> What is being asked: Repeat the listing that follows character for character, omitting images.

> Data records:
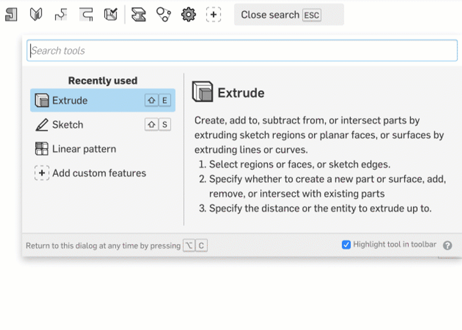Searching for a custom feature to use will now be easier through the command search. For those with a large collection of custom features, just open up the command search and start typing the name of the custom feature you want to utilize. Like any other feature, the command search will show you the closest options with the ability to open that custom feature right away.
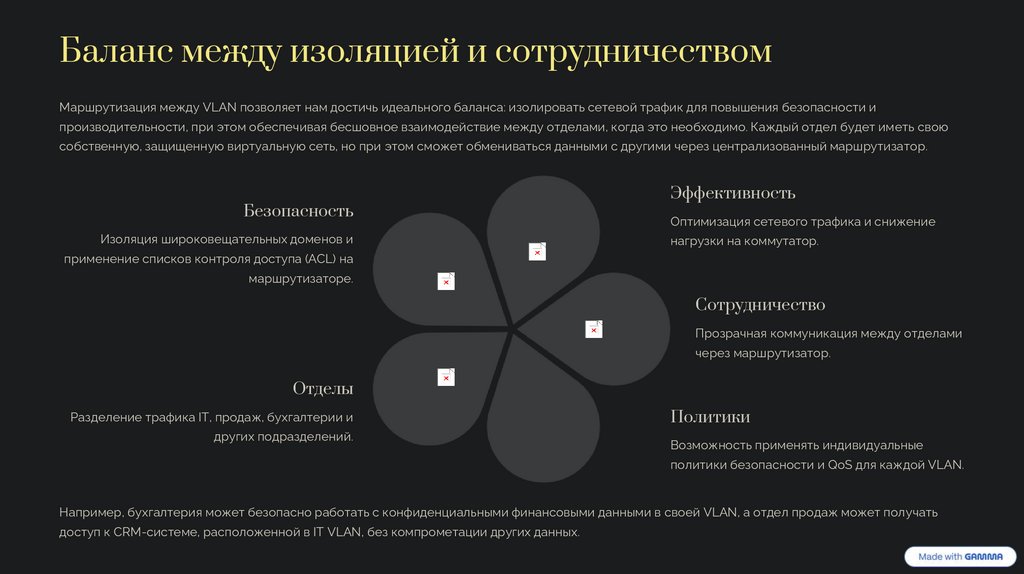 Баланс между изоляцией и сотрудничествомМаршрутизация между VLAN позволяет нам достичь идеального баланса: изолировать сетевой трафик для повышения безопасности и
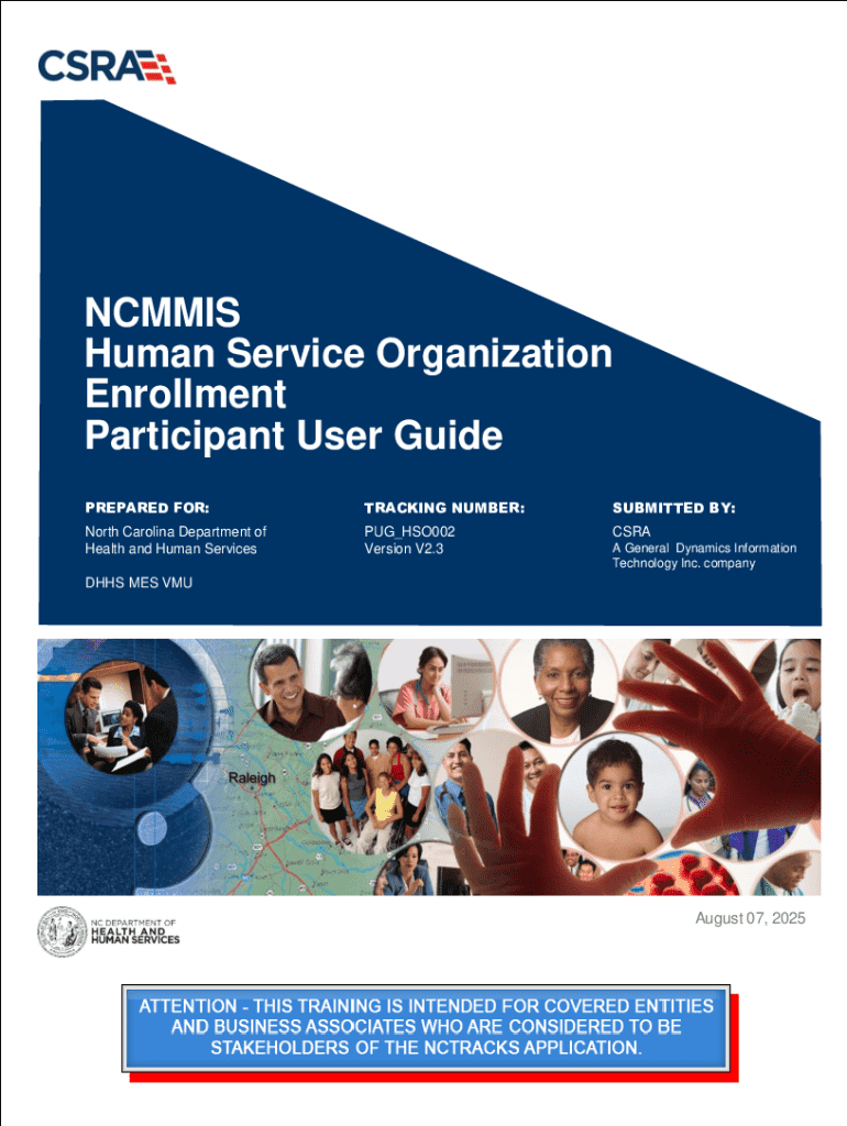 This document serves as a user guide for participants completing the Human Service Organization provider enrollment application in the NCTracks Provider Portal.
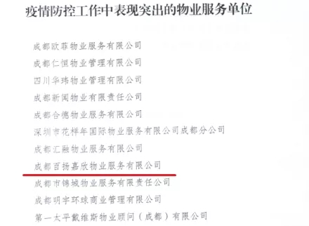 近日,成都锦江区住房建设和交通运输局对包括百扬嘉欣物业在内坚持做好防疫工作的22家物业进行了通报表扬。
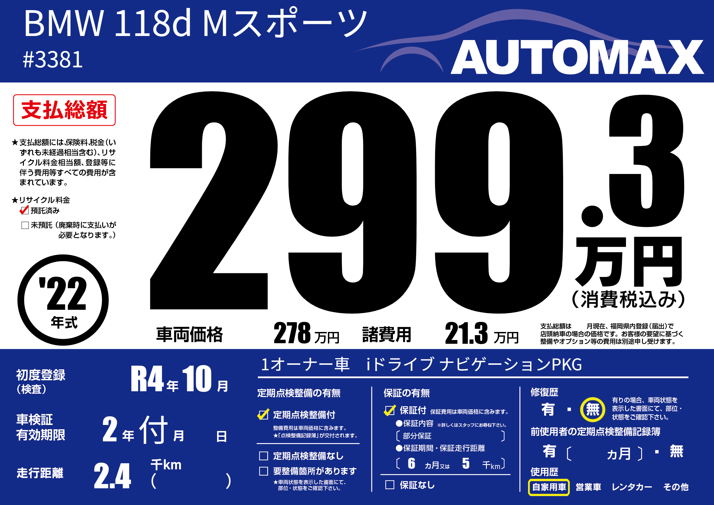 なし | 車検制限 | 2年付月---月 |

> Answer box:
Searching for a custom feature to use will now be easier through the command search. For those with a large collection of custom features, just open up the command search and start typing the name of the custom feature you want to utilize. Like any other feature, the command search will show you the closest options with the ability to open that custom feature right away.
 Баланс между изоляцией и сотрудничествомМаршрутизация между VLAN позволяет нам достичь идеального баланса: изолировать сетевой трафик для повышения безопасности и
 This document serves as a user guide for participants completing the Human Service Organization provider enrollment application in the NCTracks Provider Portal.
 近日,成都锦江区住房建设和交通运输局对包括百扬嘉欣物业在内坚持做好防疫工作的22家物业进行了通报表扬。
 なし | 車検制限 | 2年付月---月 |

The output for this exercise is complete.